If you want the most recent version of my long running guidebook to packrafting in Glacier and Bob Marshall you can have it now, here in fact, for five dollars.
This is a beta release, and a rather primitive one. You pay and register your email, and I will email you a 32 page PDF containing what I think is an elegant summary of my knowledge. The document is stacked with beta, but thin on photos, maps, and polish. Based on feedback, a fancier version will come into existence, some time.
Andrew and I had a long conversation last summer about guidebooks generally and this project in particular. His conclusions were (I paraphrase) that I should give up my idea of presenting a skeleton that provides a leg up for people totally new to the area while at the same time preserving the unknown, and instead produce a complete product. A packrafting guidebook to, at minimum, the South Fork of the Flathead is an inevitability, and for a variety of reasons I wanted to control how that conversation played out. The problem of crafting a guide that contains useful information without dictating, and in so doing creating, the terms by which a whole body of people see and explore a place has been an interesting one to wrestle with. As the extract above shows, to a certain extent I’ve split the difference. The guide covers some rivers and creeks, including almost all of what I’d put as the A and B list waterways, but certainly not all. A bunch have been intentionally left off, including a few gems I’ve made a point to never say anything about publicly.

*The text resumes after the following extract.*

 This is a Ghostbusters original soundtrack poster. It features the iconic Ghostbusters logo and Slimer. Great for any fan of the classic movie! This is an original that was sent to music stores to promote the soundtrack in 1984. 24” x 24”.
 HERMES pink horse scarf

What I’m hoping to achieve, besides providing the many new Crown packrafters with some decent advice, is to get a sense of just how much information people want, to what extent my balancing act has worked, and indeed whether the idea of a deliberately vague guidebook is widely appreciated. My presumption, based on the feedback I’ve gotten concerning the old, free version is that it is appreciated, but that might be a self-selecting audience which I’ve already mostly exhausted. I’m not sure I’ll ever be ready to write a traditionally modern, mile by mile book, but will keep my ears and mind open over the next few months.
We’ll shortly be able to put all that knowledge to good use, as with in a few weeks we’ll be taking up residence in Helena, Montana. The long and the short resolution to this post is that of the numerous offers I had, the ones in Helena and Flagstaff were by far the most attractive, both professionally and due to location. Conveniently, the tiebreaker was the job itself, as the intangibles and the companies level of interest made Helena all but impossible to refuse. Flagstaff is an utterly enchanting location, and the prospect of being closer to so many old friends was hard to walk away from, but for us Montana was the right place at the right time, and due to all that happened for and to us between 2008 and 2016 we might never be able to leave. I’ve long advocated for Helena, with its central location, lack of a tourist base to the economy, and considerably sunnier winters. Now we will shortly know if my assumptions bear out.

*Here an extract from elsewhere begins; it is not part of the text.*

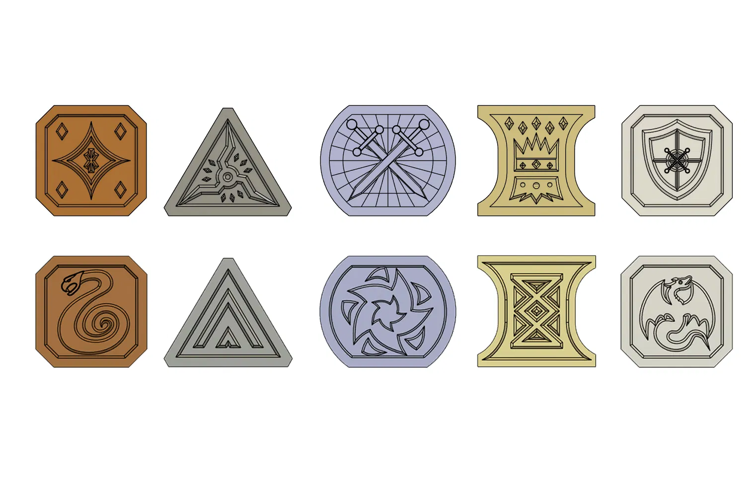 Bộ tiền xu giả tưởng tuyệt đẹp dành cho D&D và các game nhập vai khác. Bao gồm 5 loại: đồng, bạc, electrum, vàng và bạch kim. Thiết kế in 3D không cần support, cực kỳ phù hợp để tăng tính trải nghiệm cho các buổi chơi của bạn.

In a final note, the sticker experiment continues to be a success. We’re very far indeed from being able to fund LB’s voracious demand for pizza with stickers alone, but we soared into the black within 48 hours, and have been steadily cruising along towards the first financial goal. My attempts to hype the rivalry notwithstanding, the Go North sticker has kept the Car Camping sticker firmly in third place, though it will be interesting to see if volume wains now that our family’s destination is set. Every time I’ve posted about them sales have spiked dramatically, so today and tomorrow we’ll see what influence bottom posting has.
Financial success aside, the stickers have been a rewarding and delightful project that has left us with no reason to not continue into the indefinite future. The flagship B&P sticker will hang around more or less indefinitely, but the other two will likely be limited editions, replaced when they sell out with the new designs M has been working on.